My mother's behavior made me think that everyone was allowed one sin in my house, so I confess to my mother that I like women. Instead of turning to God, my mother restricted every aspect of my life. 

From a young age, I learned that I couldn't make mistakes. While my brother was enjoying his childhood, I had to learn how to cook, clean, and serve my family while being subservient and a provider at the same time. I couldn't even glance at a woman without my mother threatening to kill herself. 

The taste of copper enters my mouth and I cried even harder from the pain. My legs carry me to the familiar bridge, where I spent my youth hiding and confessing. I look at the troubled water that listened to my secrets without judging. 

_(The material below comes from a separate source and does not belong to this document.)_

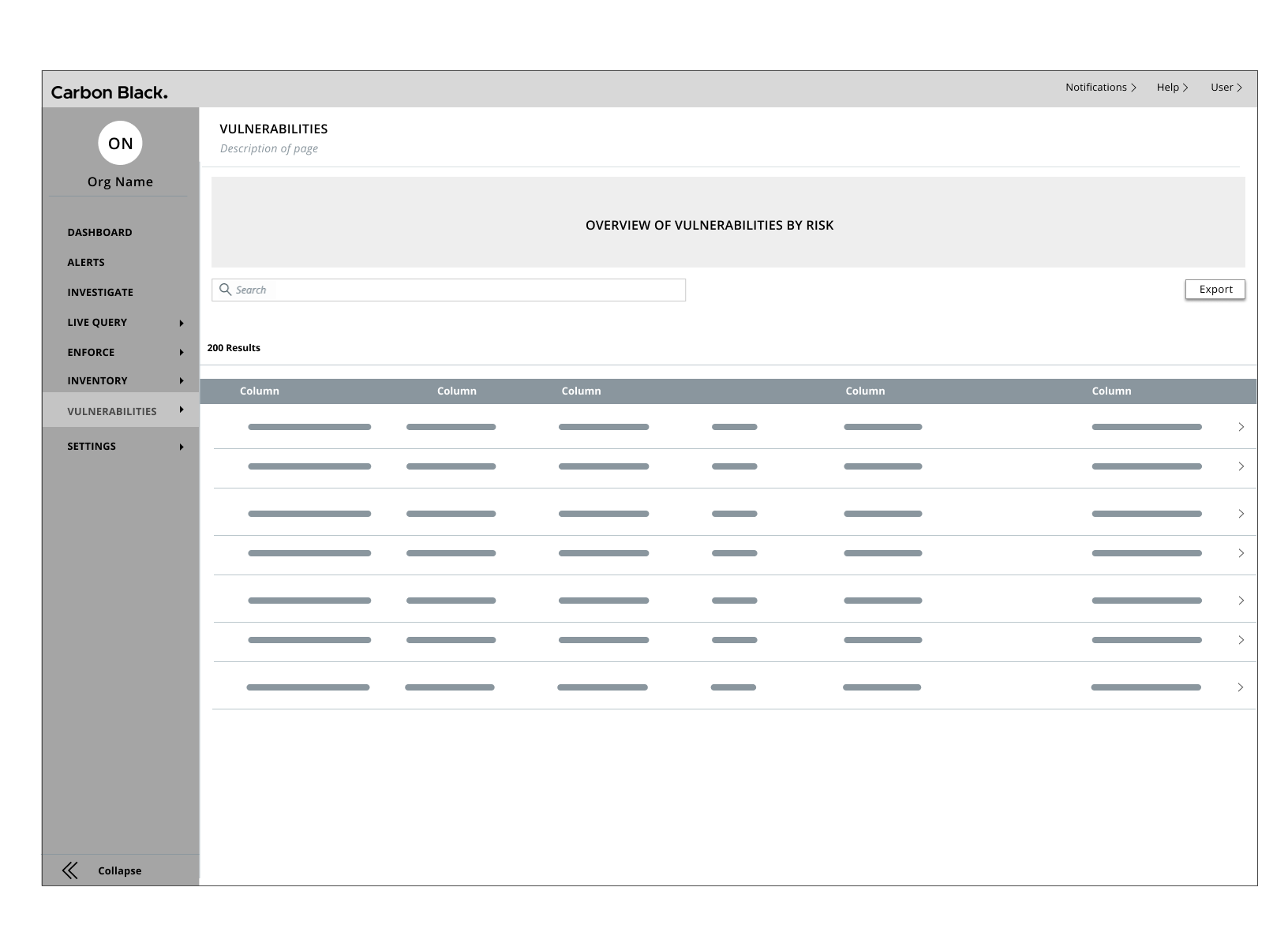 Role: My goal was to design the end-to-end experience of a Vulnerability Management solution for Security Operations teams using Carbon Black to secure their workloads and endpoints.
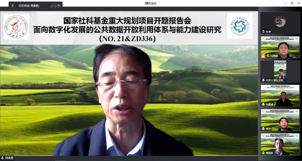 11月5日,国家社科基金重大项目“面向数字化发展的公共数据开放利用体系与能力建设研究”开题报告会在线上顺利举行。省委宣传部二级巡视员周美胜,副校长于文秀,“面向数字化发展的公共数据开放利用体系与能力建设研究”开题专家组,项目首席专家、子项目负责人,社会科学处相关负责同志出席会议。社会科学处副处长朱志勇主持会议。

I could end it all. A dark thought emerges in my mind. I knew where the weak parts of the rails were. I clench my hands and remove the weak nail that holding the rusty bars in front of me. Before I could push the bars, loud voices and high-pitched laughter interrupted my thoughts.

I stare at the group of teens playing around with their football and laugh at myself. What am I doing? I thought and squat down, hugging my knees. 

Before I could critic myself, even more, my phone rings, displaying my brother's name. 

"What's up?" I ask and wipe the water off my face, although it didn't help one bit.